Importing Plants to Florida


If you are moving between homes, you may want to take your houseplants with you. But if you are moving to Florida, this poses problems. Florida is a gardening and horticultural state with cash crops and native plants that are vulnerable to harm from soil-borne pests or diseases. Because of this, Florida regulates very closely all plants brought into the state. Although you probably can legally import your houseplants to Florida, you do have to adhere to specific guidelines.

  • Contact the Florida Department of Agriculture & Consumer Services, Division of Plant Industry to determine the most up-to-date regulations concerning the import of plants. As of the summer of 2010, most house plants that are not grown in dirt and have not been moved outdoors may be brought to Florida once the owner of the plant obtains a certificate of inspection. Citrus plants require additional permits. You can download the necessary applications and permits from the Florida Department of Agriculture & Consumer Services, Division of Plant Industry website.

  • Have your plant inspected by a USDA plant health inspector. You can locate your nearest inspector using the USDA Animal and Plant Health Inspection Website.

  • Present your inspection certificate at the Florida state border. If you are using a moving service, give the driver of your moving van a copy of the certificate.

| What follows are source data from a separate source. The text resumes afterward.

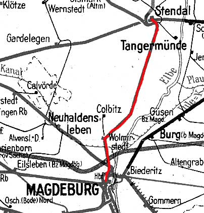 km 0,0 der Strecke Stendal 0,0 - Tangermünde 10,2 - Tangermünde Ladestellen am Elb- und Hafenufer 13,4 (Stendal-Tangermünder Eisenbahn-Gesellschaft) mit strategischer Verbindung (1944/1945) über die Elbe nach Fischbeck zur Strecke der Genthiner Eisenbahn AG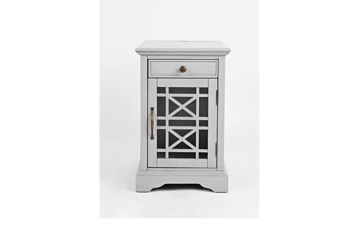 This power chairside table is as useful as it is beautiful. It looks incredible with a carefully aged finish, cabinet door fretwork, and antique hardware, but it's the hidden charger and easy storage that makes it a real treasure. Charge your tablet and plug in a lamp without have a tangle of cords. Power Unit has two outlets and two USB ports.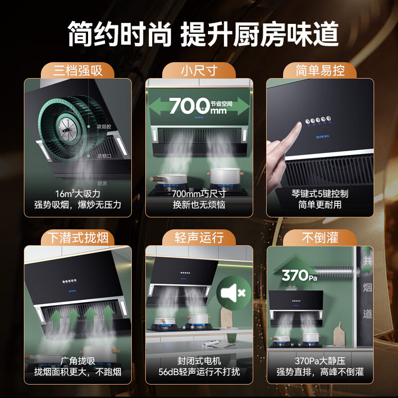 5、外观大气,吸力很大,做饭时厨房不关推拉门,外面也闻不到味道。噪音略大,不过可以接受,吸力大风压大,声音肯定会大一点,整体体验感很好,很满意!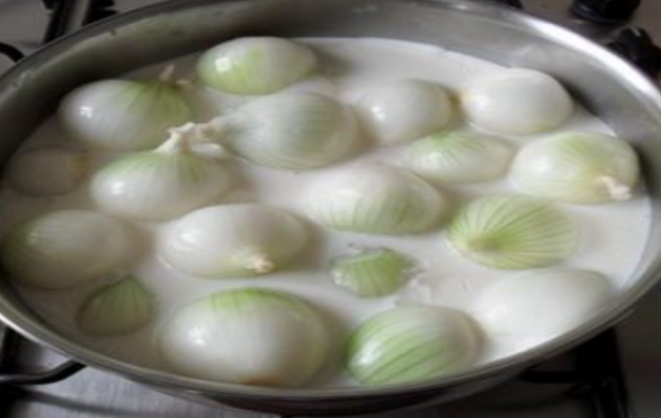 Mettere il latte in un recipiente e aggiungere i pezzi di cipolla. Portare il composto a ebollizione, quindi ridurre il fuoco e lasciar sobbollire a fuoco lento per 10-15 minuti, fino a quando la cipolla diventa morbida.

  • Provide the the Florida Department of Agriculture & Consumer Services Division of Plant Industry a copy of your address if you live in a state that does not provide an inspection service. The department of agriculture may choose to inspect your plants at a later date, at their discretion.

Tips & Warnings

  • Professionals such as nurserymen or plant brokers who wish to ship stock into Florida must be registered with the directory of nurserymen or stock dealers in the state where the plant originates. They must have each plant inspected in the state of origin and attach the inspection certificate to each box of plant material that is being shipped into the state. All shipments that are sent by road must stop at a USDA inspection station for further inspection. Each shipment should also contain a bill of lading that contains the shipper, receiver and contents of each package.